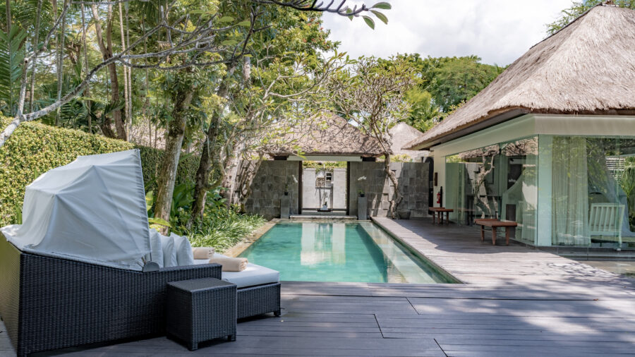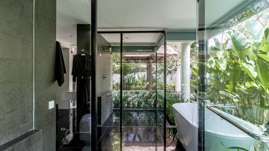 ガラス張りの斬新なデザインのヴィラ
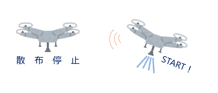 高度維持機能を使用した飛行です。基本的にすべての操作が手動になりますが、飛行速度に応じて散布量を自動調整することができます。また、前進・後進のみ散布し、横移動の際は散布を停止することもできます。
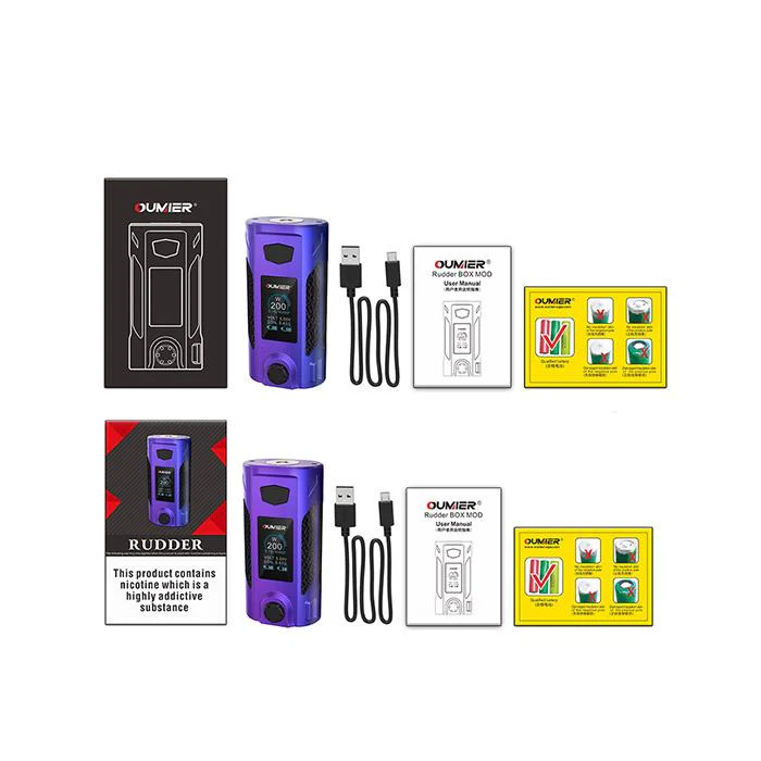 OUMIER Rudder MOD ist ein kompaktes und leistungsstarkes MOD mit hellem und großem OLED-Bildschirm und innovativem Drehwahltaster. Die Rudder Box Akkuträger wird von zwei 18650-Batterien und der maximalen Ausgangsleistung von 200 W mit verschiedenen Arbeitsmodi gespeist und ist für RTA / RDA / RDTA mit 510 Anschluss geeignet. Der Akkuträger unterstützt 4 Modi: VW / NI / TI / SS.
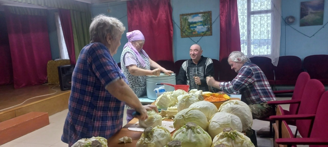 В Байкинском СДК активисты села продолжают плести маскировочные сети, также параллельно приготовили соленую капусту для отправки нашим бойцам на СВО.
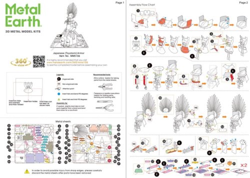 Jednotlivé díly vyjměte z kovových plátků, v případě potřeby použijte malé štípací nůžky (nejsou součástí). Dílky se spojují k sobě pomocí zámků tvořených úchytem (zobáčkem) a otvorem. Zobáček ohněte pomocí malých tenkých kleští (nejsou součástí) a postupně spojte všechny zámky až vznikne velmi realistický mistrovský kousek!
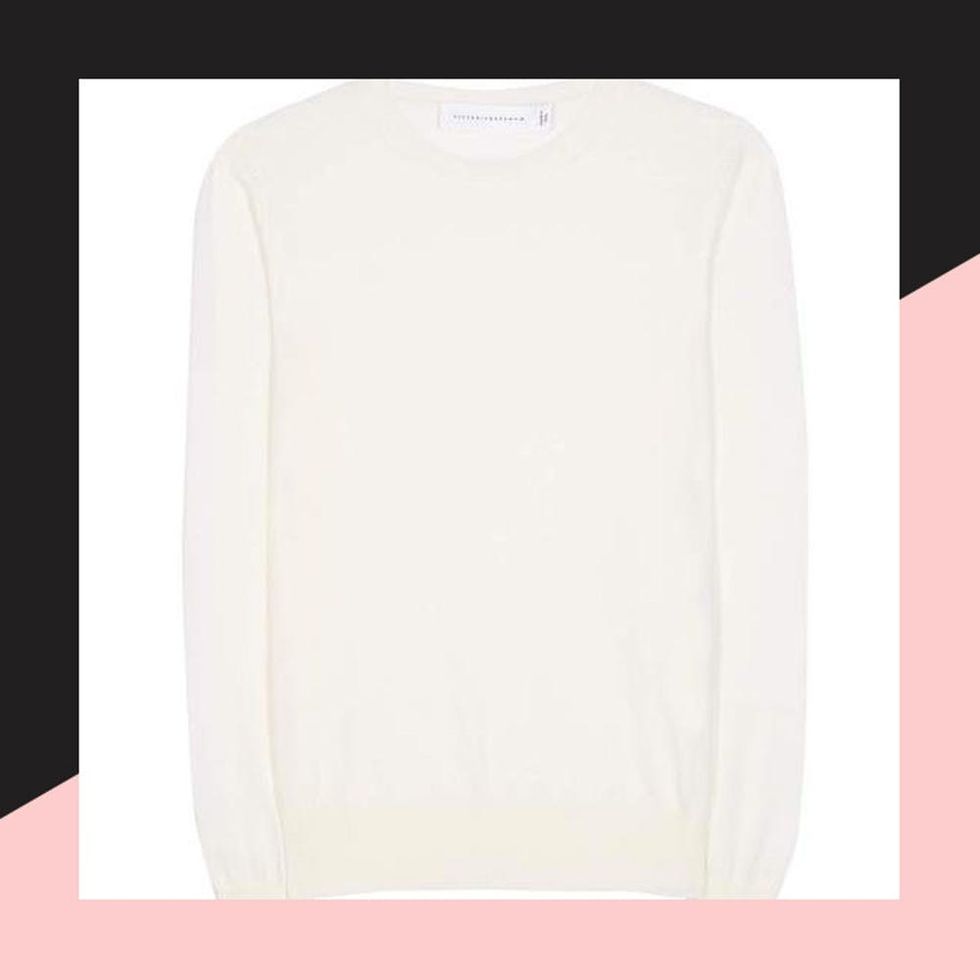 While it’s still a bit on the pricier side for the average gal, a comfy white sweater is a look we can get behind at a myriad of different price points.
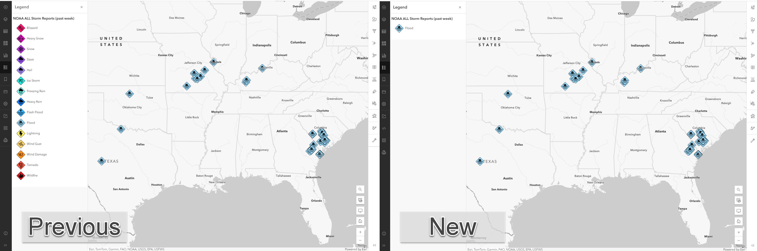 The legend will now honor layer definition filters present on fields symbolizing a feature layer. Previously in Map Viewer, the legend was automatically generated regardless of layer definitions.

* Instructions for the task:
The answer consists of the records repeated exactly, without any images.

* Solution below:
 ガラス張りの斬新なデザインのヴィラ
 高度維持機能を使用した飛行です。基本的にすべての操作が手動になりますが、飛行速度に応じて散布量を自動調整することができます。また、前進・後進のみ散布し、横移動の際は散布を停止することもできます。
 OUMIER Rudder MOD ist ein kompaktes und leistungsstarkes MOD mit hellem und großem OLED-Bildschirm und innovativem Drehwahltaster. Die Rudder Box Akkuträger wird von zwei 18650-Batterien und der maximalen Ausgangsleistung von 200 W mit verschiedenen Arbeitsmodi gespeist und ist für RTA / RDA / RDTA mit 510 Anschluss geeignet. Der Akkuträger unterstützt 4 Modi: VW / NI / TI / SS.
 В Байкинском СДК активисты села продолжают плести маскировочные сети, также параллельно приготовили соленую капусту для отправки нашим бойцам на СВО.
 Jednotlivé díly vyjměte z kovových plátků, v případě potřeby použijte malé štípací nůžky (nejsou součástí). Dílky se spojují k sobě pomocí zámků tvořených úchytem (zobáčkem) a otvorem. Zobáček ohněte pomocí malých tenkých kleští (nejsou součástí) a postupně spojte všechny zámky až vznikne velmi realistický mistrovský kousek!
 While it’s still a bit on the pricier side for the average gal, a comfy white sweater is a look we can get behind at a myriad of different price points.
 The legend will now honor layer definition filters present on fields symbolizing a feature layer. Previously in Map Viewer, the legend was automatically generated regardless of layer definitions.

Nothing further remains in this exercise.